Skip the pictures, please, and write out exactly the lines from the opening of the data through the line containing "在社交平台,哪吒CEO张勇复".

== TASK DATA

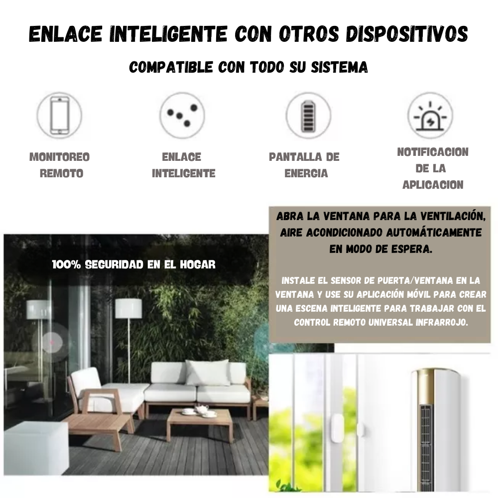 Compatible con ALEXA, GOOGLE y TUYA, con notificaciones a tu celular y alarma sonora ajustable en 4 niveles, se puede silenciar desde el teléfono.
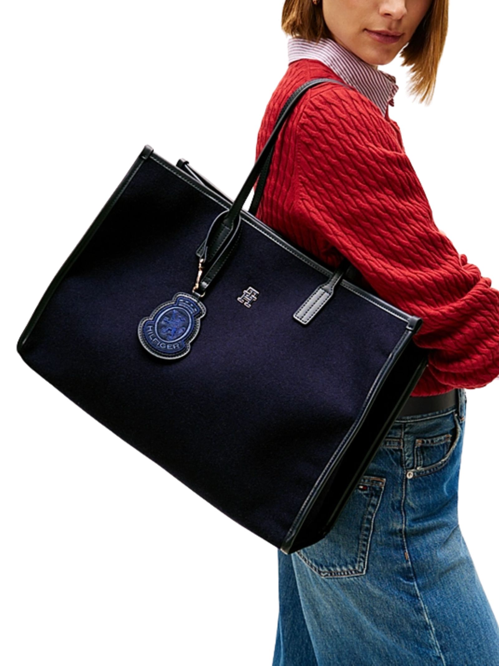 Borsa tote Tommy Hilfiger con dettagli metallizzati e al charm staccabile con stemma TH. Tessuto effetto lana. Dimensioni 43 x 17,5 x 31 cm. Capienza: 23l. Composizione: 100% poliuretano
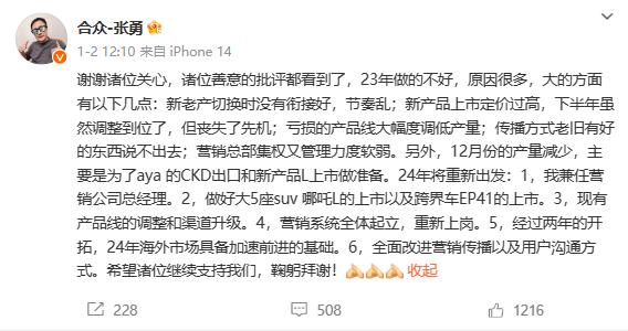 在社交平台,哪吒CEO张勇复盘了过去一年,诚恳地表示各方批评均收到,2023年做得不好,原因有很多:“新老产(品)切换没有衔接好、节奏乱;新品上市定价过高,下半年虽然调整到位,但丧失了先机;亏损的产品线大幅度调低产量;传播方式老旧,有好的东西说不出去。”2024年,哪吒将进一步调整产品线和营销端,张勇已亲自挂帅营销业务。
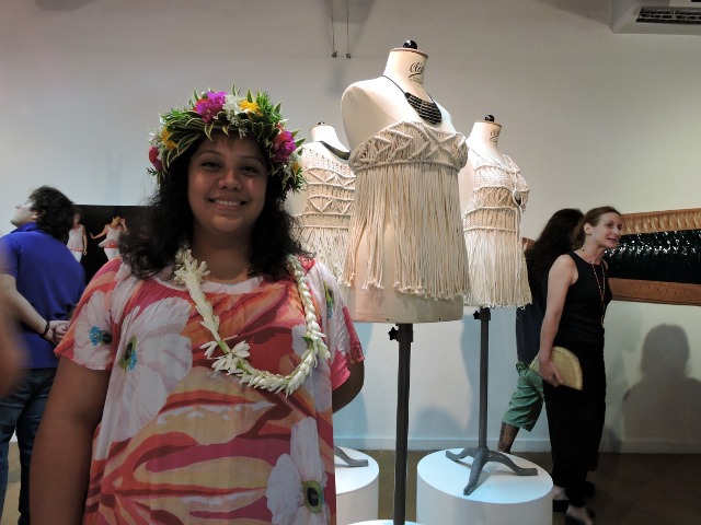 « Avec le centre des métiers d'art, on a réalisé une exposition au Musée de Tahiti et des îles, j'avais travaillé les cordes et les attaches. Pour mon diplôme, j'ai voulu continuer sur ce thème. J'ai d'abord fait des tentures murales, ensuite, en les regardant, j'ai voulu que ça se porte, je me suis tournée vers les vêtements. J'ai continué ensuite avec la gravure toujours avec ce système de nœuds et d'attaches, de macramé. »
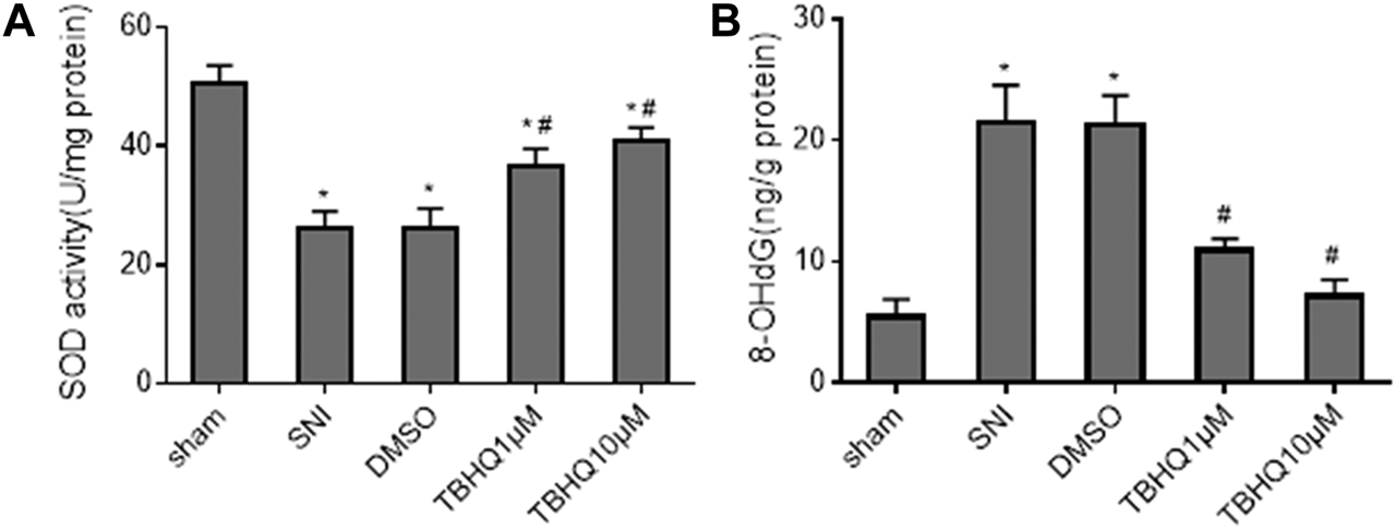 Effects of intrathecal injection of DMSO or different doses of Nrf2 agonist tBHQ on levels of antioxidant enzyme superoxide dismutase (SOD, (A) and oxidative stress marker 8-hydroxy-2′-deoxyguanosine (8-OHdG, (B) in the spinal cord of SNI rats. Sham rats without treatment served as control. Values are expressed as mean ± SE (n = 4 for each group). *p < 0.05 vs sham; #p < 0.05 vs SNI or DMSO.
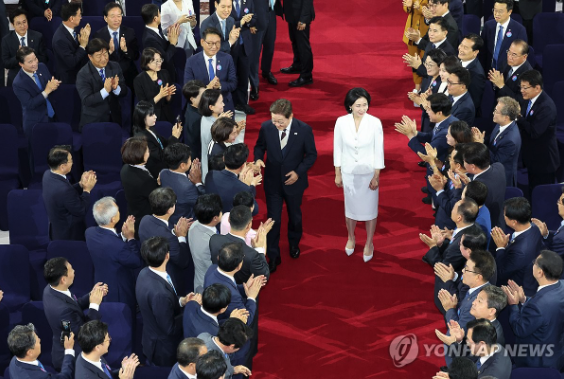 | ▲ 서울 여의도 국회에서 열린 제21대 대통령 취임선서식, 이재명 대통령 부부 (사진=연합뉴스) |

====

### EXERCISE OUTPUT
 Compatible con ALEXA, GOOGLE y TUYA, con notificaciones a tu celular y alarma sonora ajustable en 4 niveles, se puede silenciar desde el teléfono.
 Borsa tote Tommy Hilfiger con dettagli metallizzati e al charm staccabile con stemma TH. Tessuto effetto lana. Dimensioni 43 x 17,5 x 31 cm. Capienza: 23l. Composizione: 100% poliuretano
 在社交平台,哪吒CEO张勇复盘了过去一年,诚恳地表示各方批评均收到,2023年做得不好,原因有很多:“新老产(品)切换没有衔接好、节奏乱;新品上市定价过高,下半年虽然调整到位,但丧失了先机;亏损的产品线大幅度调低产量;传播方式老旧,有好的东西说不出去。”2024年,哪吒将进一步调整产品线和营销端,张勇已亲自挂帅营销业务。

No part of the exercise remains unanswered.